● What is expected
Wherever a picture appears, leave it out, and transcribe the rest of the records exactly.

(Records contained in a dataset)
++++++++++++++++++++
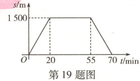 19. 周日,小辉从家步行到图书馆读书,读了一段时间后,小辉立刻按原路回家,在整个过程中,小辉离家的距离 $s(m)$ 与他所用的时间 $t(min)$ 之间的关系如图所示,则小辉从图书馆回家的速度为.
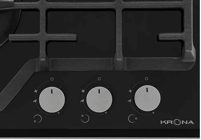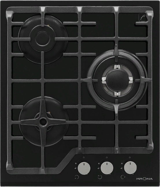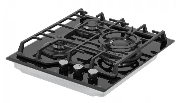 поверхность газовая, 45 см, газ на стекле, 3 конфорки, решетки чугунные, черный
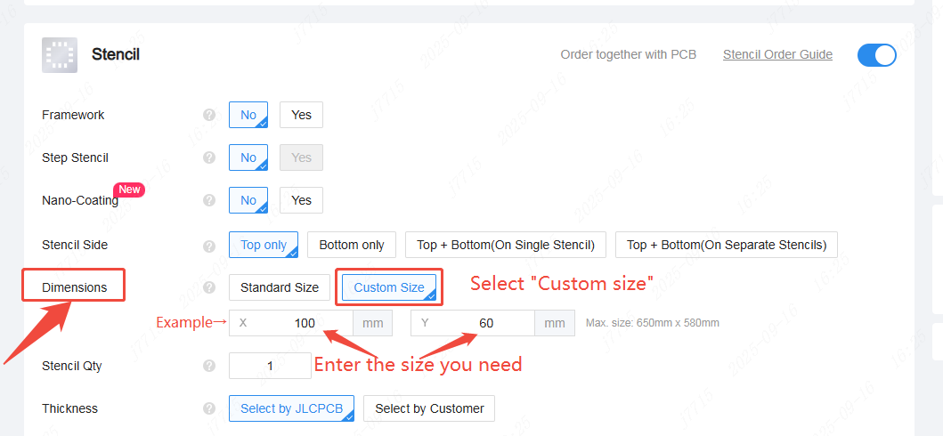 Anyone ordering a customized stencil with a size ≤100×100mm is eligible for the $3 pricing — no minimum PCB order is required.
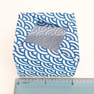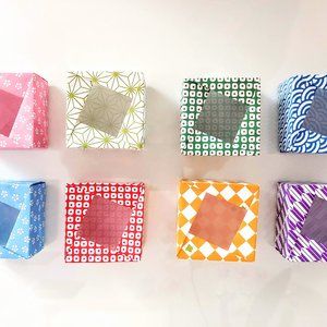 Handmade, hand-folded set of 8 small square origami masu boxes with windows. Each one is unique and made with geometric and floral patterned paper in multiple colors.
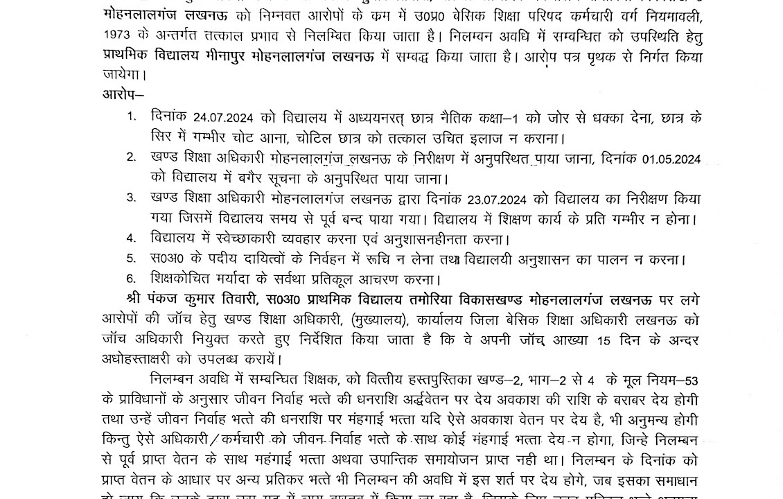 छात्र के साथ मारपीट मामले में शिक्षक का निलंबन आदेश छात्र के साथ मारपीट मामले में शिक्षक का निलंबन आदेश ...
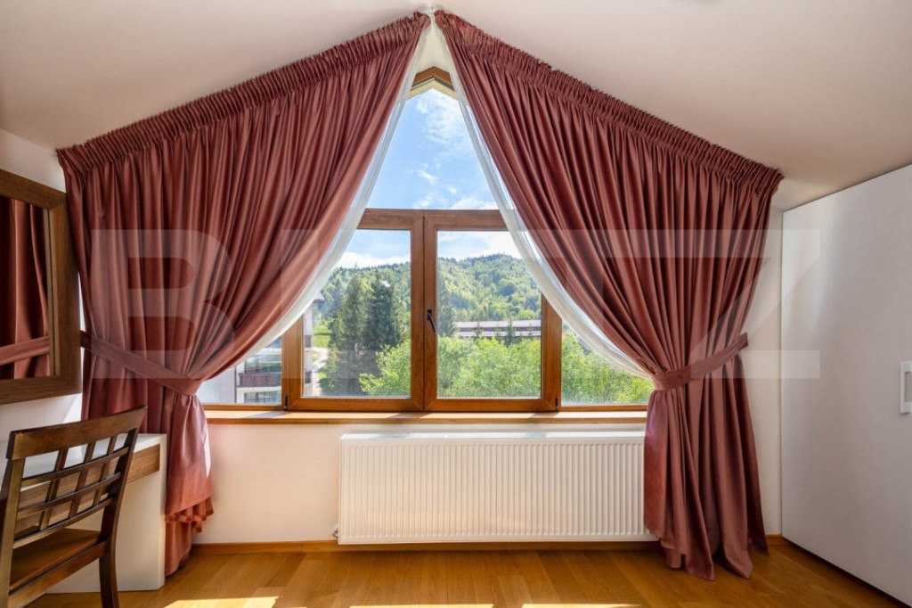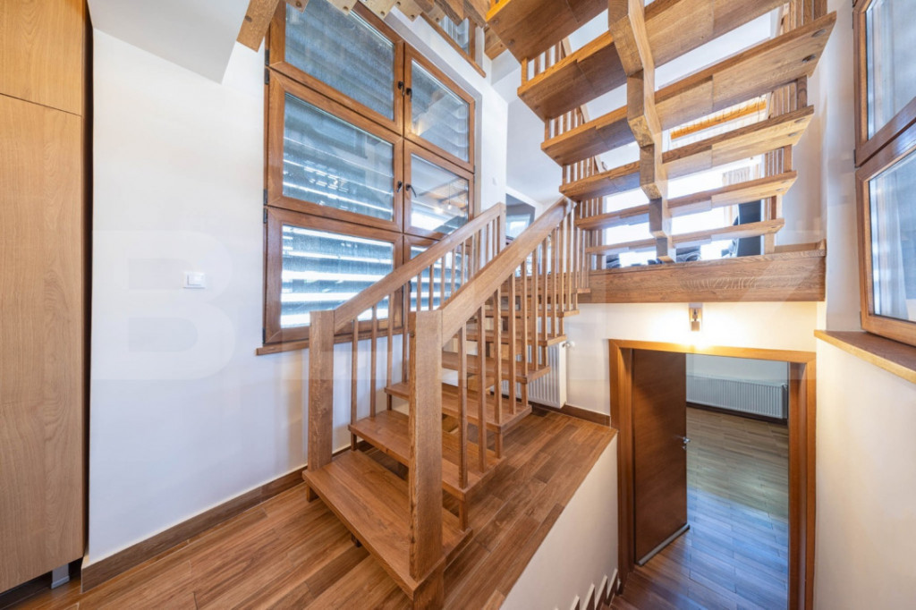 Descoperiţi o vilă exclusivistă cu 6 camere, cu panoramă spectaculoasă spre munţii din Predeal — o oportunitate rară pentru cei care caută confort, intimitate și eleganță într-un cadru natural de vis. Această proprietate este ideală atât ca locuință permanentă de lux, cât și ca refugiu de weekend sau casă de vacanță pentru întreaga familie. Această locuință spațioasă și luminoasă, cu o compartimentare practică, este proiectată pentru a oferi confort pe tot parcursul anului. Casa a fost construită cu materiale de calitate superioară și atenție la detalii. Compartimentare și suprafețe -Suprafață utilă: 225 mp -Teren: 461 mp -Dormitoare: 4 -Living-uri: 2 spațioase -Băi: 3 complete + 1 toaletă de serviciu -Balcoane: 3 -Alte spații: cameră tehnică cu spații de depozitare Compartimentare pe semi-nivele: -Demisol: cameră tehnică, cabinete depozitare -Parter: bucătărie complet utilată, baie de serviciu -Semi-Nivel 1: living open, balcon -Semi-Nivel 2: dormitor, baie, balcon -Semi-Nivel 3: living open, balcon -Semi-Nivel 4: dormitor, baie -Mansardă: 2 dormitoare, baie Dotări și facilități: -Bucătărie complet utilată, cu echipamente moderne -Scară interioară din lemn masiv de stejar -Primul living cu șemineu pentru momente relaxante -Al doilea living ideal pentru billiard/tenis de masă, cu acces la balcon pentru priveliști montane -Geamuri termopan cu tâmplărie PVC -Pardoseli din lemn masiv în toate încăperile -Sistem de monitorizare CO2 și sistem de alarmă -Centrale termice pe gaz la demisol -Branșament electric trifazic și generator electric instalat - Terasa cu zonă de barbeque și căsuță de grădină Stare și mobilare: -Imobilul se vinde parțial mobilat și utilat -Posibilitate achiziție prin surse proprii sau finanțare bancară Dotări principale: Sistem de alarmă, sistem de monitorizare CO2, șemineu, 3 balcoane, generator electric, curent trifazic. Cod ofertă / ID BLITZ: P159086 Id intern: P159086
++++++++++++++++++++
● Answer to this problem
 19. 周日,小辉从家步行到图书馆读书,读了一段时间后,小辉立刻按原路回家,在整个过程中,小辉离家的距离 $s(m)$ 与他所用的时间 $t(min)$ 之间的关系如图所示,则小辉从图书馆回家的速度为.
 поверхность газовая, 45 см, газ на стекле, 3 конфорки, решетки чугунные, черный
 Anyone ordering a customized stencil with a size ≤100×100mm is eligible for the $3 pricing — no minimum PCB order is required.
 Handmade, hand-folded set of 8 small square origami masu boxes with windows. Each one is unique and made with geometric and floral patterned paper in multiple colors.
 छात्र के साथ मारपीट मामले में शिक्षक का निलंबन आदेश छात्र के साथ मारपीट मामले में शिक्षक का निलंबन आदेश ...
 Descoperiţi o vilă exclusivistă cu 6 camere, cu panoramă spectaculoasă spre munţii din Predeal — o oportunitate rară pentru cei care caută confort, intimitate și eleganță într-un cadru natural de vis. Această proprietate este ideală atât ca locuință permanentă de lux, cât și ca refugiu de weekend sau casă de vacanță pentru întreaga familie. Această locuință spațioasă și luminoasă, cu o compartimentare practică, este proiectată pentru a oferi confort pe tot parcursul anului. Casa a fost construită cu materiale de calitate superioară și atenție la detalii. Compartimentare și suprafețe -Suprafață utilă: 225 mp -Teren: 461 mp -Dormitoare: 4 -Living-uri: 2 spațioase -Băi: 3 complete + 1 toaletă de serviciu -Balcoane: 3 -Alte spații: cameră tehnică cu spații de depozitare Compartimentare pe semi-nivele: -Demisol: cameră tehnică, cabinete depozitare -Parter: bucătărie complet utilată, baie de serviciu -Semi-Nivel 1: living open, balcon -Semi-Nivel 2: dormitor, baie, balcon -Semi-Nivel 3: living open, balcon -Semi-Nivel 4: dormitor, baie -Mansardă: 2 dormitoare, baie Dotări și facilități: -Bucătărie complet utilată, cu echipamente moderne -Scară interioară din lemn masiv de stejar -Primul living cu șemineu pentru momente relaxante -Al doilea living ideal pentru billiard/tenis de masă, cu acces la balcon pentru priveliști montane -Geamuri termopan cu tâmplărie PVC -Pardoseli din lemn masiv în toate încăperile -Sistem de monitorizare CO2 și sistem de alarmă -Centrale termice pe gaz la demisol -Branșament electric trifazic și generator electric instalat - Terasa cu zonă de barbeque și căsuță de grădină Stare și mobilare: -Imobilul se vinde parțial mobilat și utilat -Posibilitate achiziție prin surse proprii sau finanțare bancară Dotări principale: Sistem de alarmă, sistem de monitorizare CO2, șemineu, 3 balcoane, generator electric, curent trifazic. Cod ofertă / ID BLITZ: P159086 Id intern: P159086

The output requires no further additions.